Data excerpts
____________________
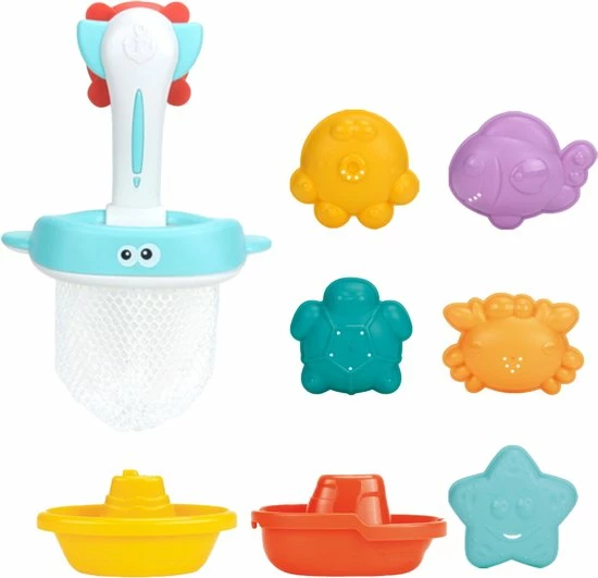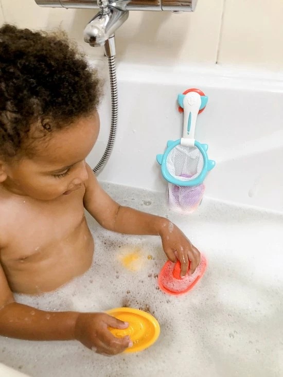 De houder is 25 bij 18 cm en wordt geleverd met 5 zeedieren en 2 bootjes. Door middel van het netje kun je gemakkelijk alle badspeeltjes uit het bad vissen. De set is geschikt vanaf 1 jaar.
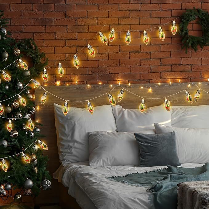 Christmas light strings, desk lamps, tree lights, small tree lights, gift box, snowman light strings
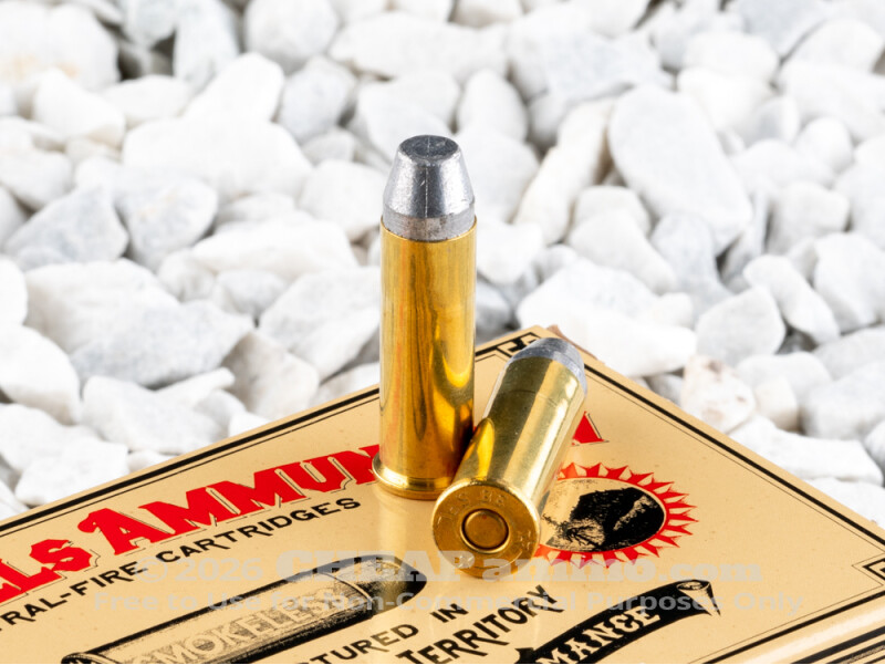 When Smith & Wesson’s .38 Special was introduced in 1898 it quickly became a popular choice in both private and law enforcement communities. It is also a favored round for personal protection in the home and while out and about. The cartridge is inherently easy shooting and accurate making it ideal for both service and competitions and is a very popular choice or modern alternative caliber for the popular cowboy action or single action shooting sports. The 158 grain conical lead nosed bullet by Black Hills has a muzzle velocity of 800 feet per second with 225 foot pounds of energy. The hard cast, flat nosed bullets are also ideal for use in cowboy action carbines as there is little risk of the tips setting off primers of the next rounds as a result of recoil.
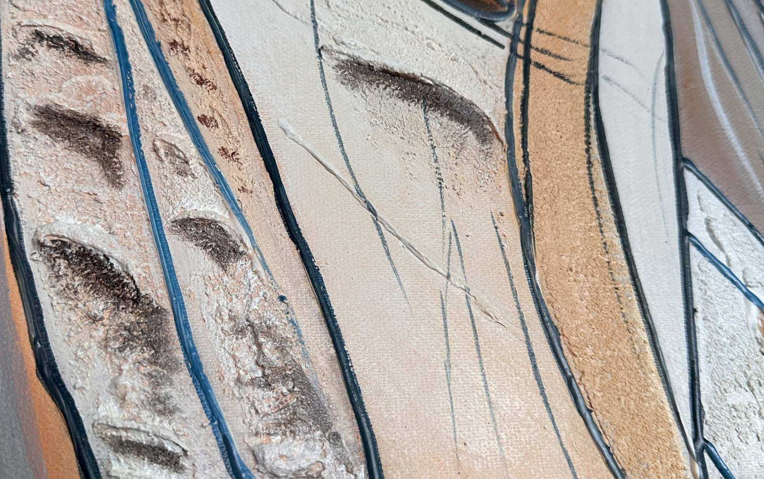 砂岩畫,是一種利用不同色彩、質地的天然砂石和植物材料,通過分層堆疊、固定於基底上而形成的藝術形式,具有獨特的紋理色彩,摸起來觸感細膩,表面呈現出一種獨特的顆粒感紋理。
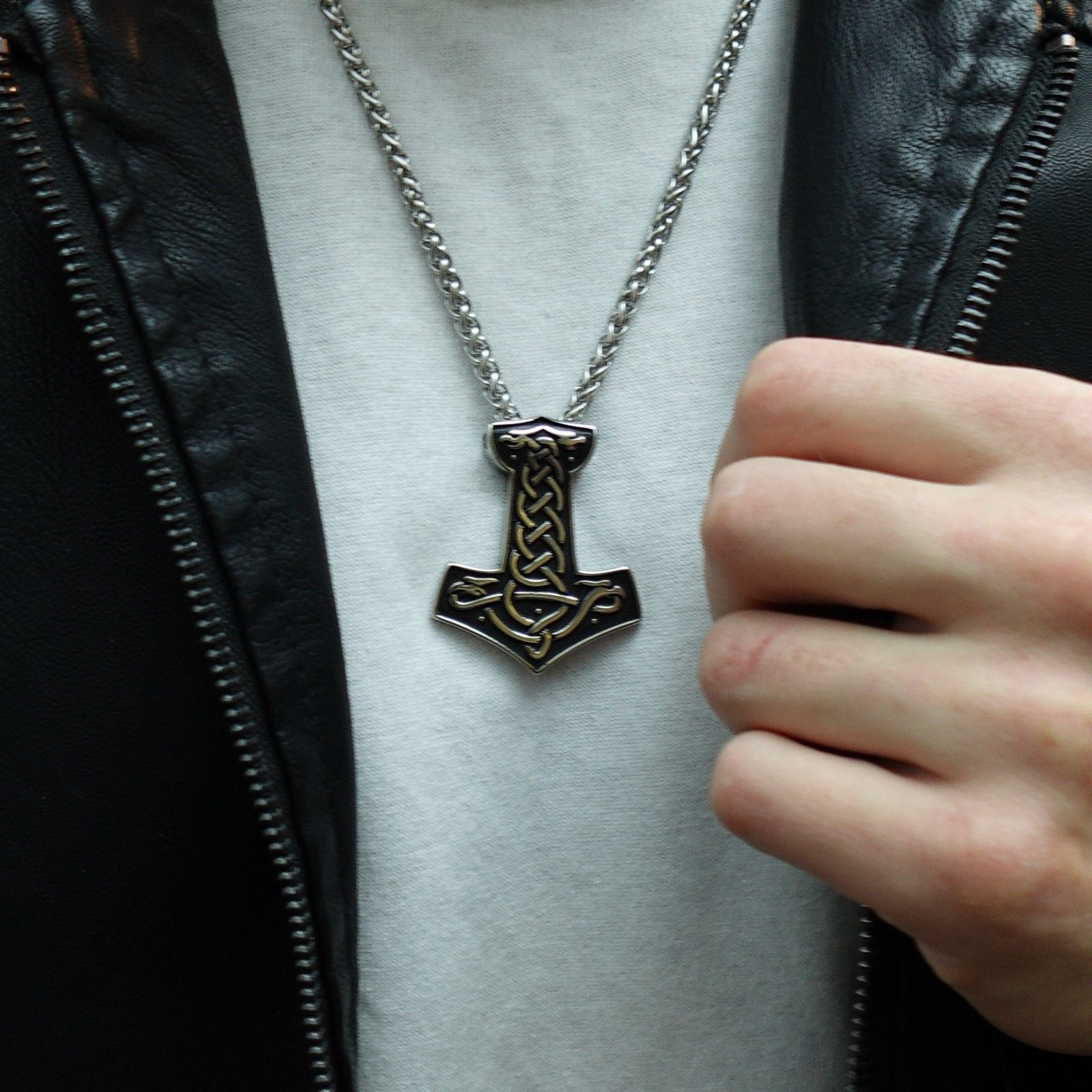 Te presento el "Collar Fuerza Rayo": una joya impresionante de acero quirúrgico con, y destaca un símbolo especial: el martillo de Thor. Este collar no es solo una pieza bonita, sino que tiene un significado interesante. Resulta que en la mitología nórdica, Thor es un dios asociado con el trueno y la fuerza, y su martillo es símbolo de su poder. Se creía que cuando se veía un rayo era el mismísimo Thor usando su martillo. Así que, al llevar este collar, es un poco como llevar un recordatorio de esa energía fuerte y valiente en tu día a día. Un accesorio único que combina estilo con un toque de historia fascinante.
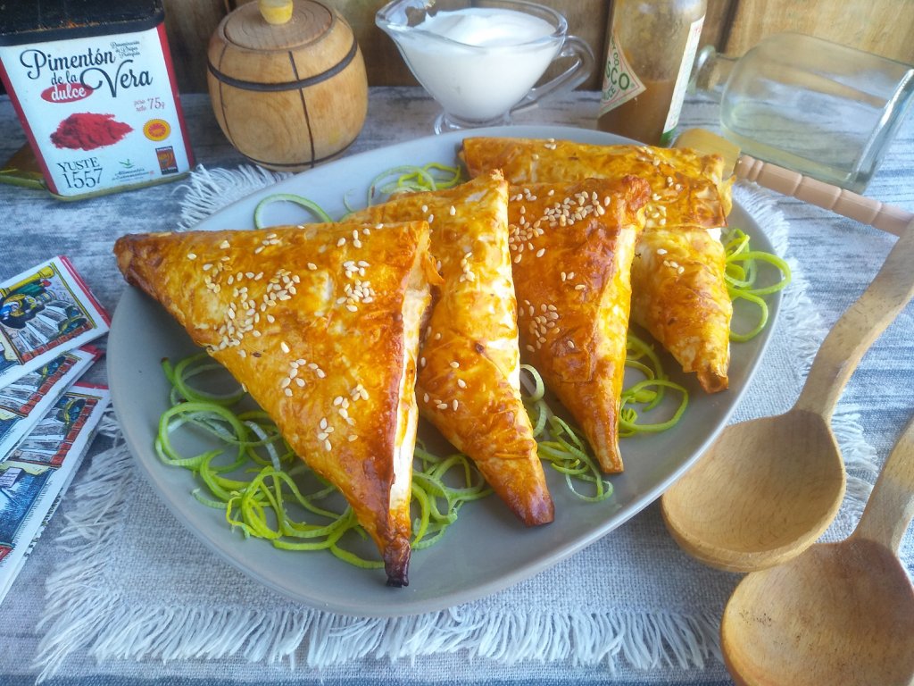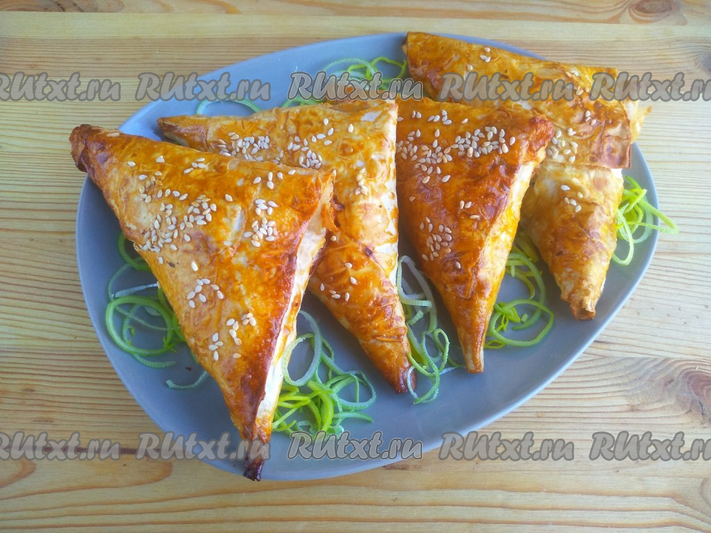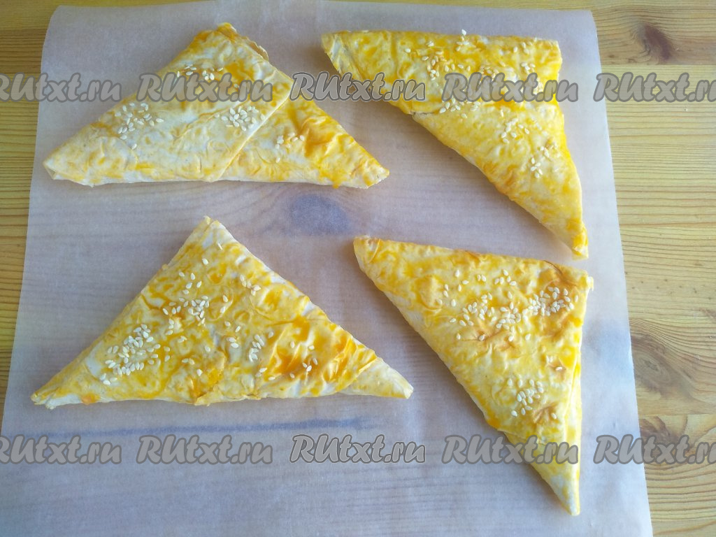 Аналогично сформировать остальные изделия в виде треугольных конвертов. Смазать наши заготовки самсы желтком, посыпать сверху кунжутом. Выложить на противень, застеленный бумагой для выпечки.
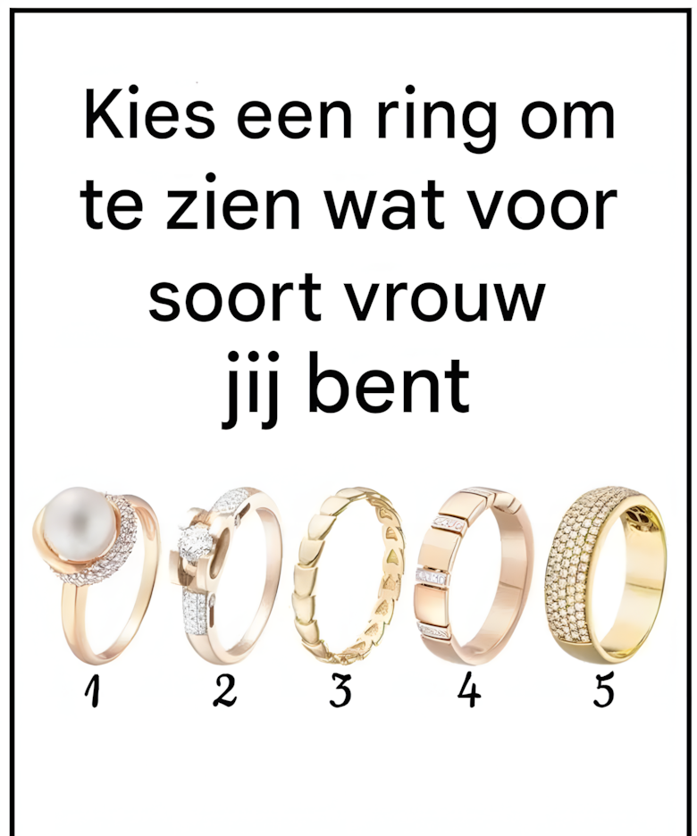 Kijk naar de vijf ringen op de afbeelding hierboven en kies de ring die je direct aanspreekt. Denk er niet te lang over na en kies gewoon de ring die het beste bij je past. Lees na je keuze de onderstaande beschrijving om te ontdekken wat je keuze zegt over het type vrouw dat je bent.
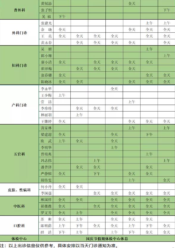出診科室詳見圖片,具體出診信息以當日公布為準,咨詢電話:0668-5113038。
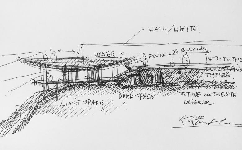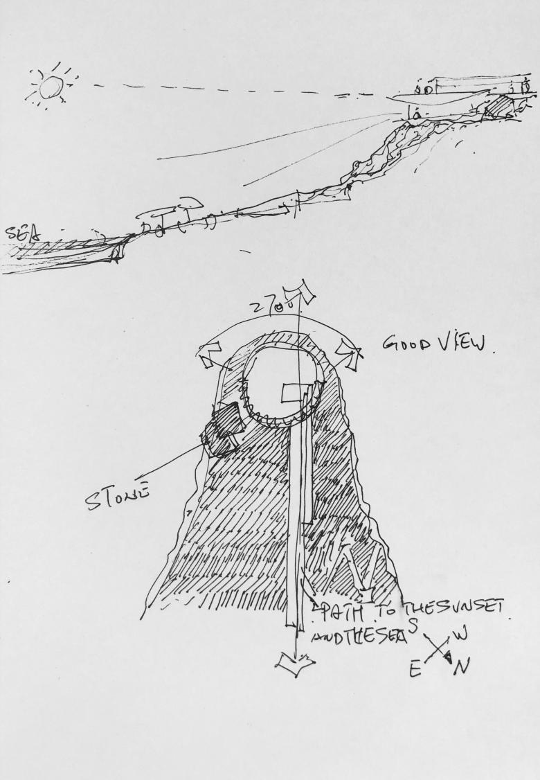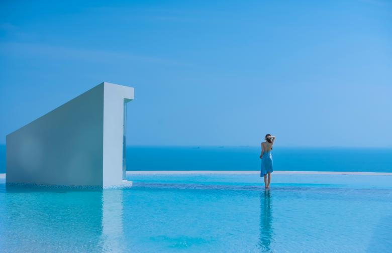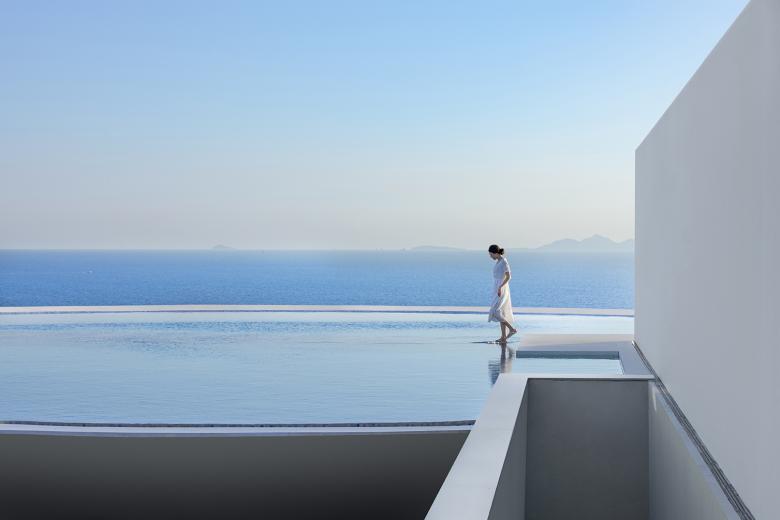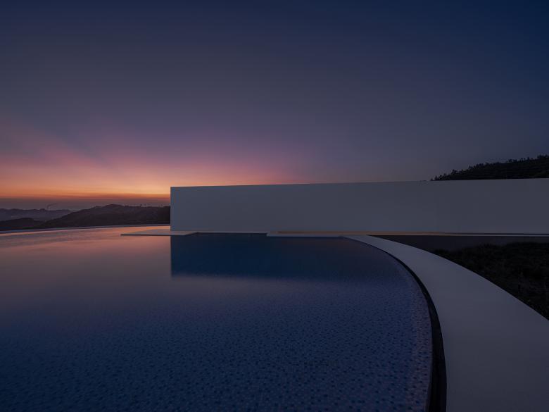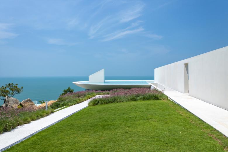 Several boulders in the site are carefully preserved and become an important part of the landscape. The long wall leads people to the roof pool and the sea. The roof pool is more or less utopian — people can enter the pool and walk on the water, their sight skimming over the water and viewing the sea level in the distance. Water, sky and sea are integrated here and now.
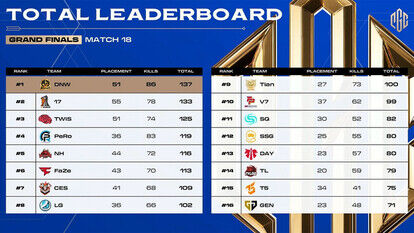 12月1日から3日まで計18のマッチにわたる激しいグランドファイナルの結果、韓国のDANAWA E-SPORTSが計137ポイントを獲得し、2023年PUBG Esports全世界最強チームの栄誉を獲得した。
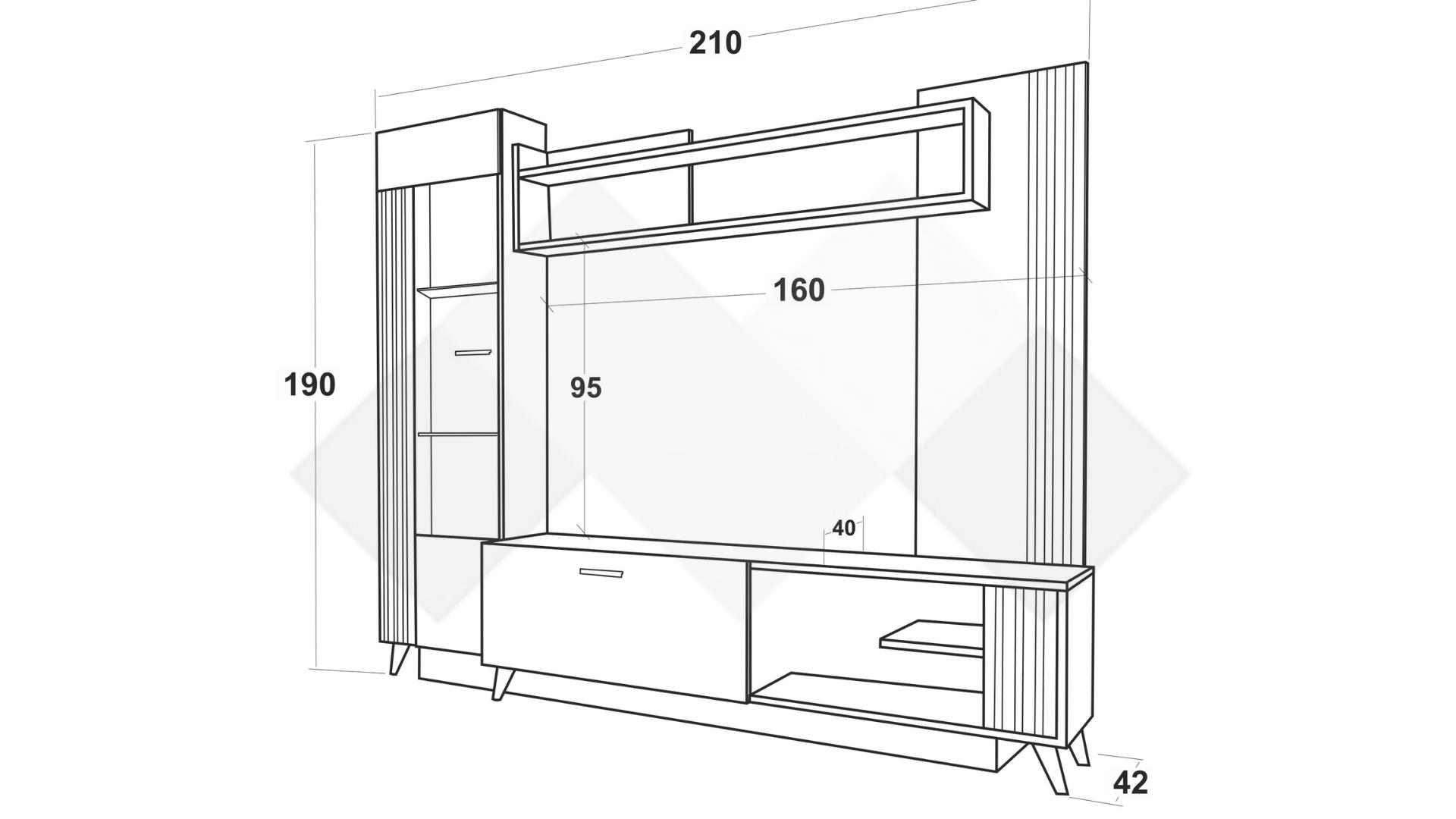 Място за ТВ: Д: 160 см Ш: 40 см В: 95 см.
____________________
** Task goal **
Only the lines from the top of the records through the line with "Christmas light strings, desk" belong in the copy; write them out exactly, leaving out pictures.

** Answer box **
 De houder is 25 bij 18 cm en wordt geleverd met 5 zeedieren en 2 bootjes. Door middel van het netje kun je gemakkelijk alle badspeeltjes uit het bad vissen. De set is geschikt vanaf 1 jaar.
 Christmas light strings, desk lamps, tree lights, small tree lights, gift box, snowman light strings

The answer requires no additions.